Question

find the equation of the sides of an isosceles right angled triangle whose vertex is (-2,-3) and the base is on the line x=0​

Answer 1

Answer:

AC:y=x-1  CB:y=-x-5 AB:x=0

Step-by-step explanation:

Consider the triangle. The base AB is on the line x=0, the vertex C is (-2,-3)

The side AC is equal to BC. The angle ACB is 90 degrees. If the base is on the line x=o, it is on the axis Y.Explore the distance from the point C to the AB

c(-2,-3), the distance to the axis Y is equal to the modul of the coordinate x (-2), it is 2. The coordinates of point projected by the point C to the axis Y is N(0,-3).
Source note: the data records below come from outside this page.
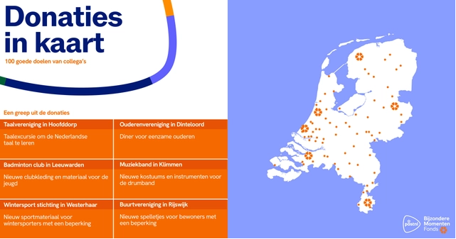 Den Haag, 10 november 2023 - PostNL heeft 100 verenigingen en stichtingen verrast met een donatie vanuit het PostNL Bijzondere Momenten Fonds. Afgelopen maand konden PostNL-collega’s een donatie van 250 euro aanvragen bij het PostNL Bijzondere Momenten Fonds voor de vereniging of stichting waar zij vrijwilliger zijn. De donaties werden uit het hele land aangevraagd voor uiteenlopende maatschappelijke doelen. Van een verwendag voor moeders van kinderen met autisme tot sporttenues voor een lokale sportclub.
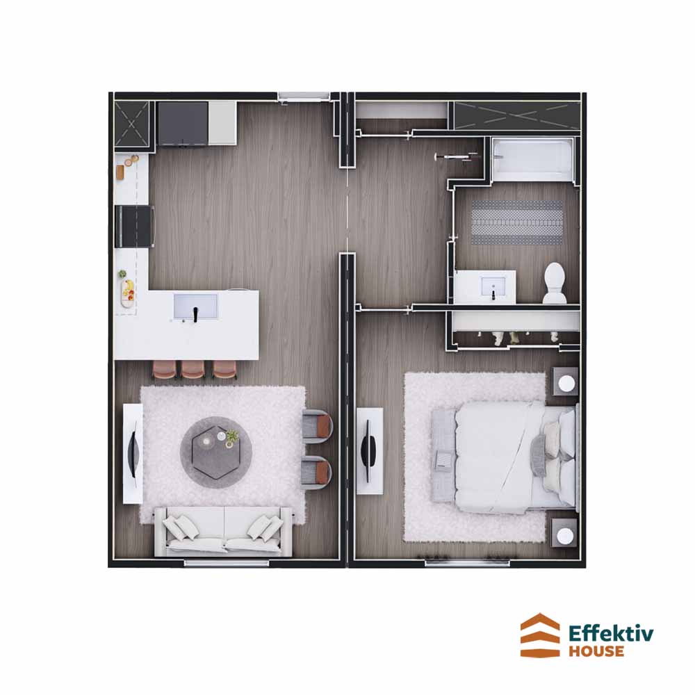 26’10” width, 28’0″ length, 639 sq ft, 1 bed, 1 bath, 1 story, 2 sections
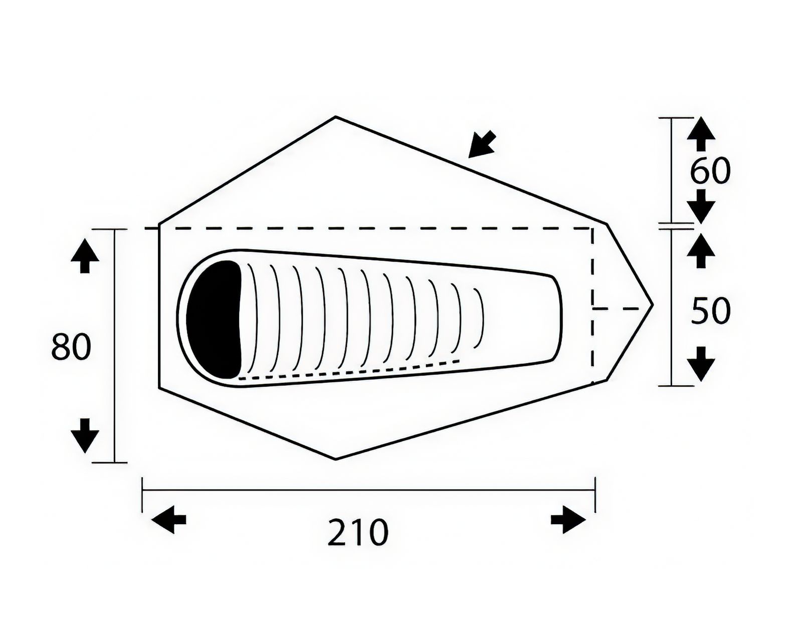 Ультралегкий намет - знахідка для легкоходов. Одномісний намет з невеликим тамбуром. Має протимоскітну сітку. Встановлюється на трекінгових палицю і одну маленьку дугу. Підійде для легких походів в гори, велоподорожей або в якості аварійної намети на випадок, якщо почалася злива в одноденному поході. А також таку легку і компактну палатку можна брати в тривалі подорожі, як запасний варіант, коли більшість ночей плануєте спати в хостелах.
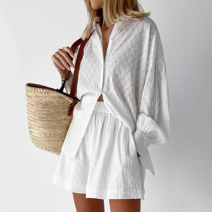 Entdecken Sie das perfekte Outfit für warme Tage mit unserem lässigen Zweiteiler-Set aus atmungsaktivem Stoff. Die Kombination aus einem lockeren Shirt und einer schicken, kurzen Hose bietet nicht nur Komfort, sondern auch Stil.
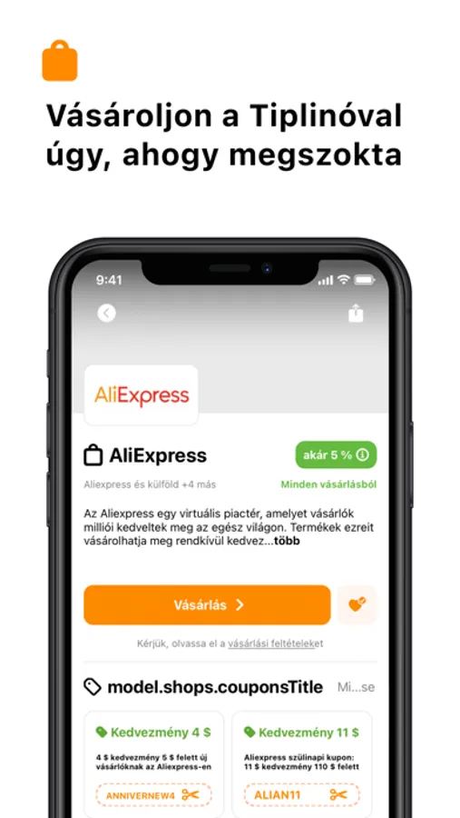 Az alkalmazásban talál információkat az aktuális kedvezményekről, illetve kedvezményes kuponokról és kódokról is, amelyek segítségével még több pénzt spórolhat a vásárlásai során.
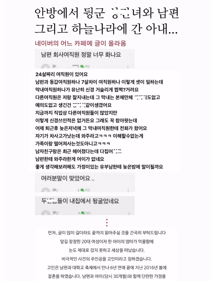 18년 7월 남편의 첫 번째 외도를 알게된 때부터 이 끔찍한 비극이 시작됐습니다.
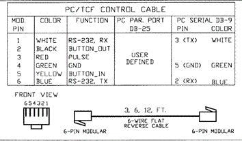 To attach the Pyxis to the COM (RS-232 serial) port of a computer requires a special cable. These cables are flat 6-wire stranded with RJ-12 modular connectors on both ends. They are typically refered to as reverse cables since each pin number on one connector is connected to the same number on the other end. To adapt the RJ-12 connect to fit the standard COM port on a computer (9-pin sub-D male), it is required that the PC Serial Port converter be purchased in addition to the cable. The reverse cable are available with standard lengths or a custom lengths up to 100 feet.
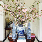 A truly grand ginger jar, exuding elegance at every turn. This impressive piece showcases a beautiful hand-painted antiqued scenery across its entire body, complemented by exquisite raised dots.
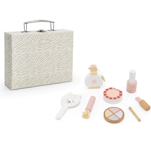 Fából készült smink készlet a feledhetetlen szerepjáték élményéért, amelyben a kislányok is úgy sminkelhetnek, mint anya.
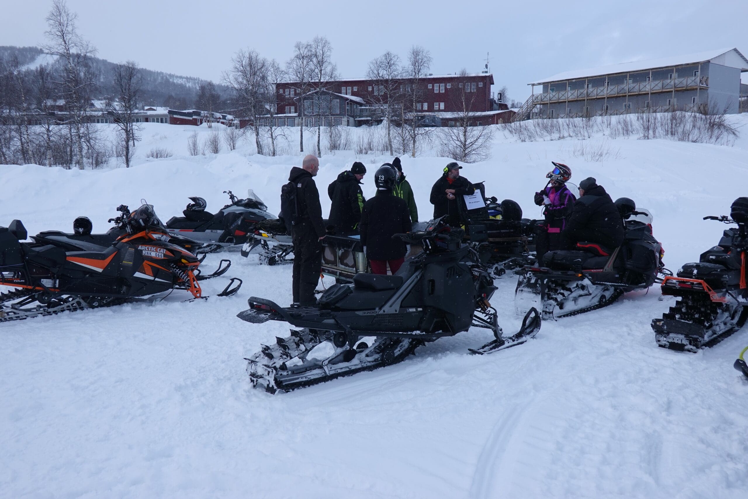 Vid ettiden samlades ca 25 skotrar på isen nedanför byns hotell för att förbereda sig för starten i Pokerrun.
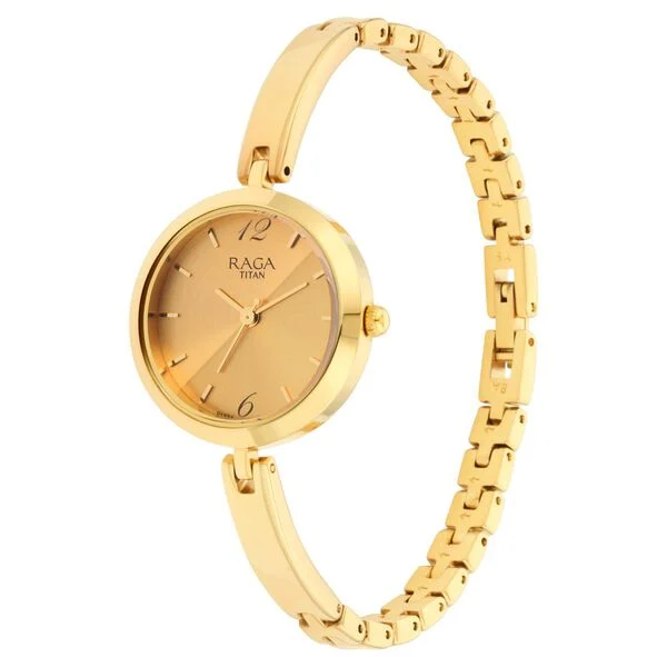 Titan Raga Viva Golden Dial Analog Metal Strap Watch for Women
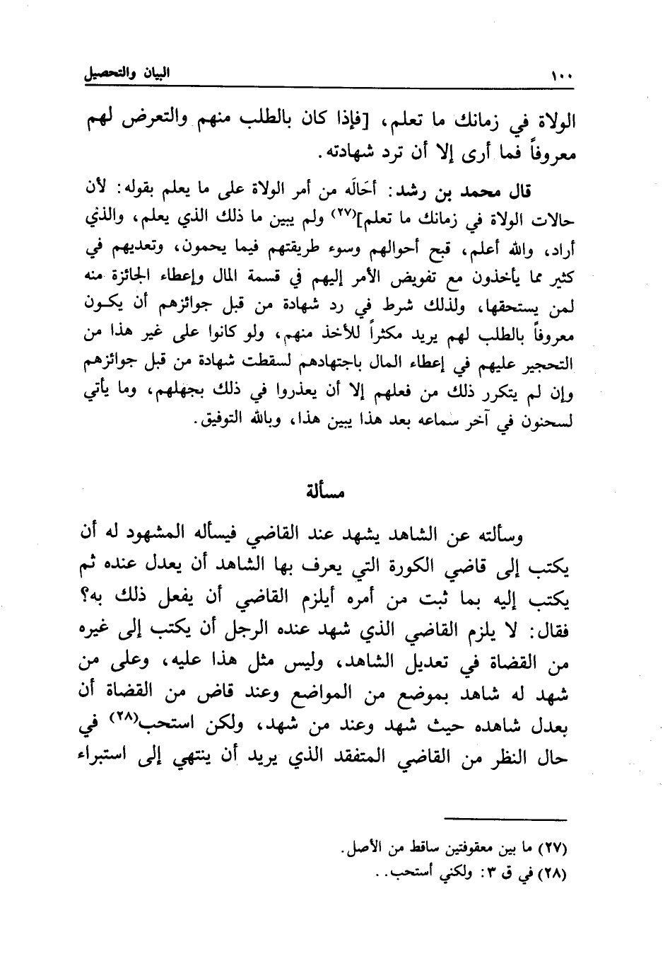 قال محمد بن رشد: أحاله من أمر الولاة على ما يعلم بقوله: لأن حالات الولاة في زمانك ما تعلم] ولم يبين ما ذلك الذي يعلم، والذي أراد، والله أعلم، قبح أحوالهم وسوء طريقتهم فيما يحمون، وتعديهم في كثير مما يأخذون مع تفويض الأمر إليهم في قسمة المال وإعطاء الجائزة منه لمن يستحقها، ولذلك شرط في رد شهادة من قبل جوائزهم أن يكون معروفا بالطلب لهم يريد مكثرا للأخذ منهم، ولو كانوا على غير هذا من التحجير عليهم في إعطاء المال باجتهادهم لسقطت شهادة من قبل جوائزهم وإن لم يتكرر ذلك من فعلهم إلا أن يعذروا في ذلك بجهلهم، وما يأتي لسحنون في آخر سماعه بعد هذا يبين هذا، وبالله التوفيق.
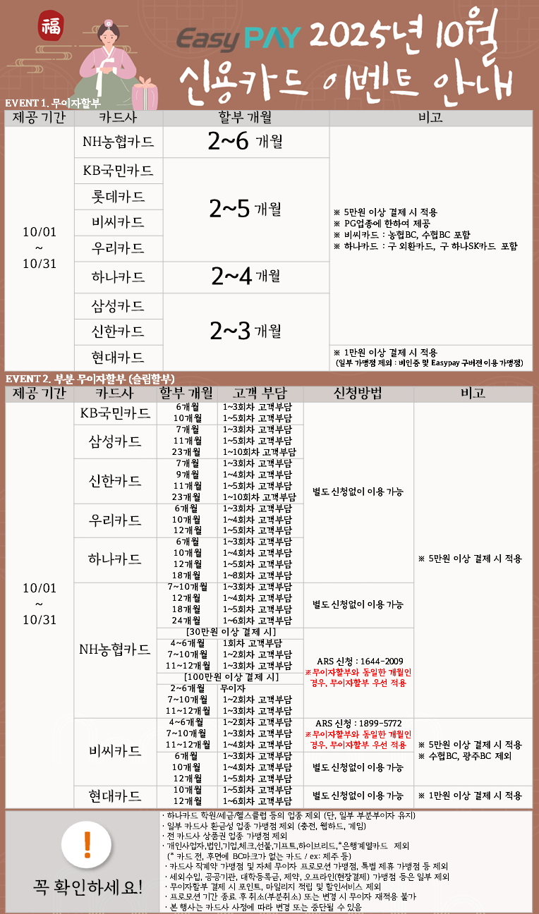 공지 2025년 10월 신용카드 무이자 및 부분 무이자 이벤트 안내
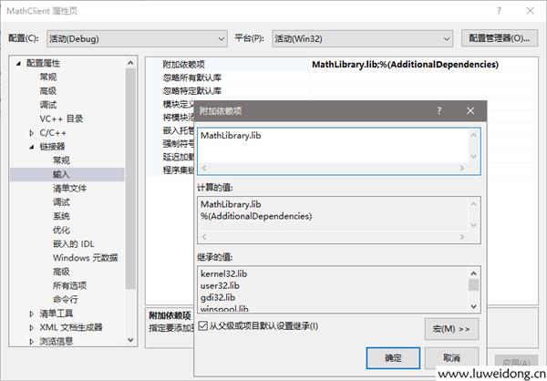 c、添加MathLibrary.lib
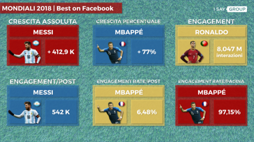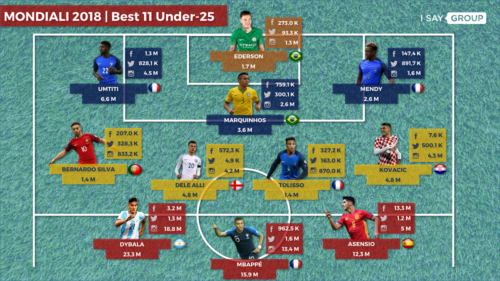 Molto interessante la formazione dei calciatori più seguiti sui social che alla data di inizio del mondiale non avevano compiuto i 25 anni, che identifica gli influencer “emergenti” nel mondo del calcio. Il dato conferma che la Francia ha trionfato grazie al contributo dei suoi giovanissimi campioni: Umtiti, Mendy, Tolisso, ma soprattutto la stella Mbappé che nel corso del Mondiale è stato il calciatore che ha guadagnato la maggior percentuale di fan nel corso dell’evento, crescendo del 77% su Facebook, ma vantando anche il miglior engagement percentuale per post e per pagina, tra tutti i partecipanti. L’argentino Dybala è l’under 25 più seguito in assoluto del mondiale con circa 23,3 milioni di fan.
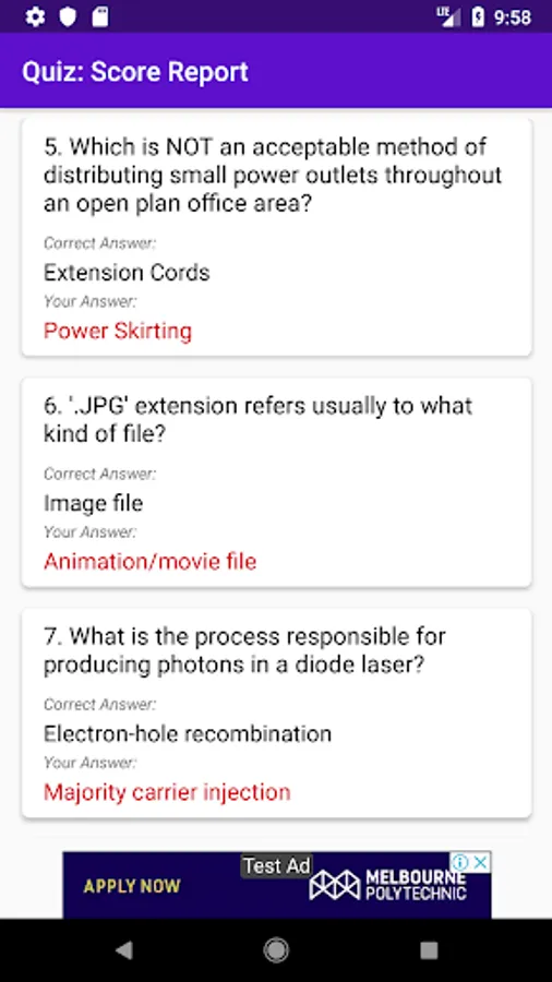 Features of this quiz app:
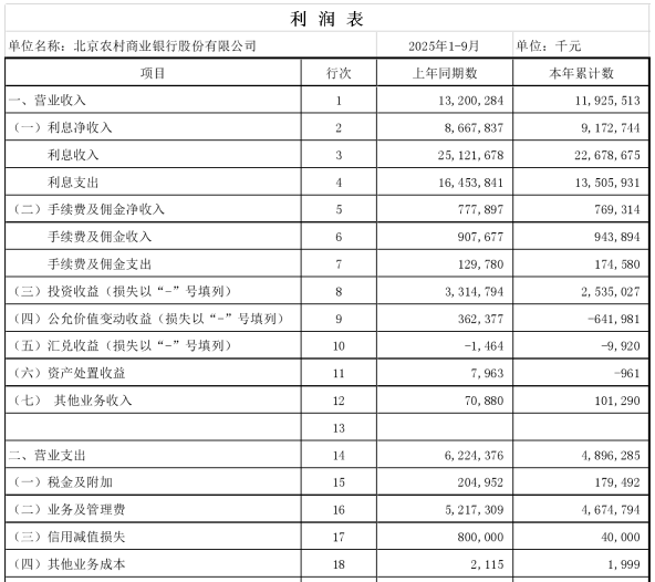 北京农商行2025年三季报显示,报告期末该行全行资产总额突破1.34万亿元,较年初增长7.29%;净利润近59.7亿元,同比增长1.53%。
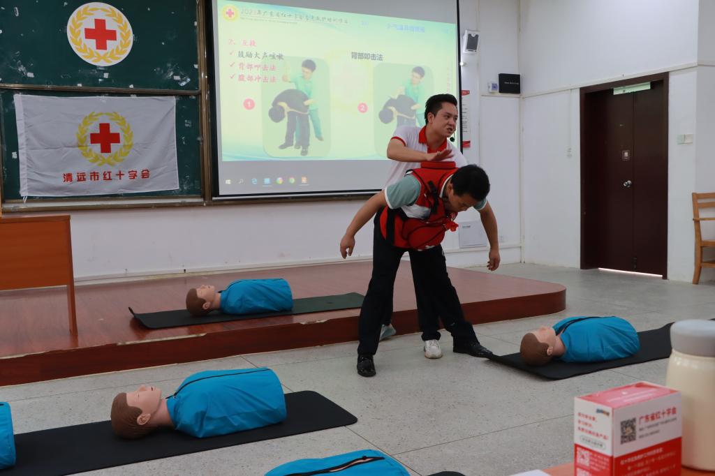 为加强生命健康教育,提高学生自救互救能力,进一步推动高水平安全文明校园建设,5月20日、27日、28日分别在省职教城(清远)校区教学楼Q1-110和Q1-105组织开展了三期红十字应急救护员培训活动,此次急救培训由广东省红十字会主办,清远市红十字会和校红十字会承办。清远市红十字会罗伟添主任、学校总务后勤部(保卫部)陈艳芬医生出席本次活动,共150名师生参加了培训。
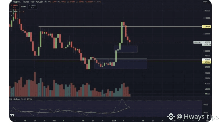 “Now the discussion becomes whether we move into the first blue box as a weaker area of support and hold there… or whether we come back down into the deeper support zone around $1.90 to $1.82 and hold there,” he wrote. “That deeper area is my preferred risk to reward zone for placing long positions, and that is where I will be looking to get back into an XRP long and add to my position if we see that move specificX
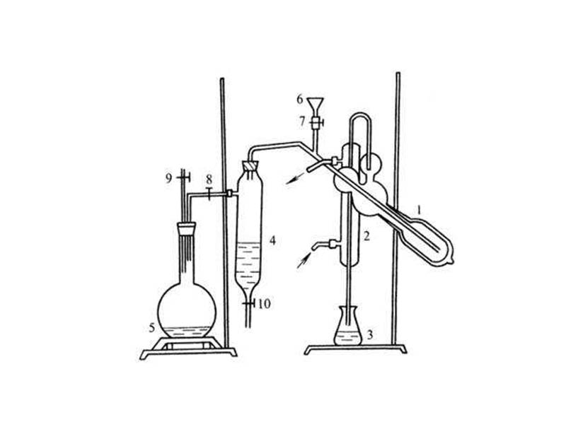 11) 向蒸餾瓶中加入濃堿時,往往出現褐色沉淀物,這是由于分解促進堿與加入的硫酸銅反應,生成氫氧化銅,經加熱后又分解生成氧化銅的沉淀。有時銅離子與氨作用,生成深l藍色的結合物[Cu(NH3)4]2+

The modul of the height is 2, the height of the isosceles triangle to the base is the bisectrix, so the angle BCA is 90/2=45degrees, CBA is 180-90-45=45 degrees too

the heigt CN is equal to side NB, NB=2

Suppose B is (0,y) (x=0 because the base is on this line)

THe modul of the vector NB is equal to sqrt ((0-0)^2+(y+3)^2)= 2

modul (y+3)= 2

y=-1 or y=-5

(0,-1), (0,-5) - two points, one of them (suppose B) is (0,-5) when A is (0,-1) (A is remote from the point N on the same distance with B, because AB is the median too)

Find CB and AC

Use the equation for AC

(x-0)/(-2-0)= (y+1)/(-3+1)

x/-2= (y+1)/-2

x=y+1

y=x-1

For CB

(x-0)/ (-2-0)= (y+5)/ (-3-(-5))

x/-2= (y+5)/2

-x=y+5

y=-x-5